## Data supplied:
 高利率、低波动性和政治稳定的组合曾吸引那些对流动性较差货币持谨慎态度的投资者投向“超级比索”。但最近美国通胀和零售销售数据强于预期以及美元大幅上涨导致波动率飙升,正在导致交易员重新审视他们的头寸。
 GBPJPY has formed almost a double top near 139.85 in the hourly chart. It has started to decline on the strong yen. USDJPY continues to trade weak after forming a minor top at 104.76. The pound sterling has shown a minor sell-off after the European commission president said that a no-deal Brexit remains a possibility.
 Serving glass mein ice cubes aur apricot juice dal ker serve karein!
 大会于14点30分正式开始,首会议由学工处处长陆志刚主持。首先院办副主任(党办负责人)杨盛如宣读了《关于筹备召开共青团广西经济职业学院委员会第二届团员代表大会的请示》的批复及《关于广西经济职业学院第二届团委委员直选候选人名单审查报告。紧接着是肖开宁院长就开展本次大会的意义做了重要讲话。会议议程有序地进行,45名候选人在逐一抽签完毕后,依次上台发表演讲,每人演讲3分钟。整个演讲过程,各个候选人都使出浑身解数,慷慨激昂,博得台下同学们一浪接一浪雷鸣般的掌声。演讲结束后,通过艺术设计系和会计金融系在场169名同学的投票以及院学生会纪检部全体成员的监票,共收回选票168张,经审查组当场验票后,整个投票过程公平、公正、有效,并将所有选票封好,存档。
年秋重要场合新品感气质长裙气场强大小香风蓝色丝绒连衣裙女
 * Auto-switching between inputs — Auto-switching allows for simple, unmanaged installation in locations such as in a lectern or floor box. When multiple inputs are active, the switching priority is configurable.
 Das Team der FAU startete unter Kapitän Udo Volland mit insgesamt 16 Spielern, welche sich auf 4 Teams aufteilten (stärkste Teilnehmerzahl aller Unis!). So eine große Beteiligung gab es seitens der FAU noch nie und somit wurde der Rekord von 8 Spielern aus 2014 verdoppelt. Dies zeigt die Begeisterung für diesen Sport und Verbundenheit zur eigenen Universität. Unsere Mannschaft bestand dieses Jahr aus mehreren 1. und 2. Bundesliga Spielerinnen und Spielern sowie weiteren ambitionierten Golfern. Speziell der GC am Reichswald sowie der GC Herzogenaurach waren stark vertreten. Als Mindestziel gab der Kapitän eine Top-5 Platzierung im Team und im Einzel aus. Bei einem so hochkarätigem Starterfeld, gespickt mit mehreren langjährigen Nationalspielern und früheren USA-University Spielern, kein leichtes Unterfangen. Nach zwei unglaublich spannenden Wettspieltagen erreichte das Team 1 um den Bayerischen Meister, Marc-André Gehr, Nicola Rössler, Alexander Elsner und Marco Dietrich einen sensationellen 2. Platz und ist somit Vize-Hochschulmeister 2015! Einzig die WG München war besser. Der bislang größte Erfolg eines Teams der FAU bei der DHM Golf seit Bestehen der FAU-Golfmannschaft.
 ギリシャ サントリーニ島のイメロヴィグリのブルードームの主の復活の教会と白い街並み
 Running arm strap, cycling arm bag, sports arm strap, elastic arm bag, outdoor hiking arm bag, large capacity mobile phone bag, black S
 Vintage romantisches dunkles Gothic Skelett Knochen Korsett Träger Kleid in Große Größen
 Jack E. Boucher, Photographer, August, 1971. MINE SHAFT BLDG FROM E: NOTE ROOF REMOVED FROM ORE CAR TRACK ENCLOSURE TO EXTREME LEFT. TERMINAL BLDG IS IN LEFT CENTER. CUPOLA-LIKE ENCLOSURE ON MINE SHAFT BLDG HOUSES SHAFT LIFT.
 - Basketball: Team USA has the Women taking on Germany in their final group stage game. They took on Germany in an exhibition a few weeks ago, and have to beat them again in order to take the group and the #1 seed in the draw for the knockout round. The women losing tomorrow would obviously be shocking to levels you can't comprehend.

## Action item:
Return each line exactly, beginning at the start of the material above and ending at the line that includes "ギリシャ サントリーニ島のイ", with both of those kept.

## Answer for this exercise:
 高利率、低波动性和政治稳定的组合曾吸引那些对流动性较差货币持谨慎态度的投资者投向“超级比索”。但最近美国通胀和零售销售数据强于预期以及美元大幅上涨导致波动率飙升,正在导致交易员重新审视他们的头寸。
 GBPJPY has formed almost a double top near 139.85 in the hourly chart. It has started to decline on the strong yen. USDJPY continues to trade weak after forming a minor top at 104.76. The pound sterling has shown a minor sell-off after the European commission president said that a no-deal Brexit remains a possibility.
 Serving glass mein ice cubes aur apricot juice dal ker serve karein!
 大会于14点30分正式开始,首会议由学工处处长陆志刚主持。首先院办副主任(党办负责人)杨盛如宣读了《关于筹备召开共青团广西经济职业学院委员会第二届团员代表大会的请示》的批复及《关于广西经济职业学院第二届团委委员直选候选人名单审查报告。紧接着是肖开宁院长就开展本次大会的意义做了重要讲话。会议议程有序地进行,45名候选人在逐一抽签完毕后,依次上台发表演讲,每人演讲3分钟。整个演讲过程,各个候选人都使出浑身解数,慷慨激昂,博得台下同学们一浪接一浪雷鸣般的掌声。演讲结束后,通过艺术设计系和会计金融系在场169名同学的投票以及院学生会纪检部全体成员的监票,共收回选票168张,经审查组当场验票后,整个投票过程公平、公正、有效,并将所有选票封好,存档。
年秋重要场合新品感气质长裙气场强大小香风蓝色丝绒连衣裙女
 * Auto-switching between inputs — Auto-switching allows for simple, unmanaged installation in locations such as in a lectern or floor box. When multiple inputs are active, the switching priority is configurable.
 Das Team der FAU startete unter Kapitän Udo Volland mit insgesamt 16 Spielern, welche sich auf 4 Teams aufteilten (stärkste Teilnehmerzahl aller Unis!). So eine große Beteiligung gab es seitens der FAU noch nie und somit wurde der Rekord von 8 Spielern aus 2014 verdoppelt. Dies zeigt die Begeisterung für diesen Sport und Verbundenheit zur eigenen Universität. Unsere Mannschaft bestand dieses Jahr aus mehreren 1. und 2. Bundesliga Spielerinnen und Spielern sowie weiteren ambitionierten Golfern. Speziell der GC am Reichswald sowie der GC Herzogenaurach waren stark vertreten. Als Mindestziel gab der Kapitän eine Top-5 Platzierung im Team und im Einzel aus. Bei einem so hochkarätigem Starterfeld, gespickt mit mehreren langjährigen Nationalspielern und früheren USA-University Spielern, kein leichtes Unterfangen. Nach zwei unglaublich spannenden Wettspieltagen erreichte das Team 1 um den Bayerischen Meister, Marc-André Gehr, Nicola Rössler, Alexander Elsner und Marco Dietrich einen sensationellen 2. Platz und ist somit Vize-Hochschulmeister 2015! Einzig die WG München war besser. Der bislang größte Erfolg eines Teams der FAU bei der DHM Golf seit Bestehen der FAU-Golfmannschaft.
 ギリシャ サントリーニ島のイメロヴィグリのブルードームの主の復活の教会と白い街並み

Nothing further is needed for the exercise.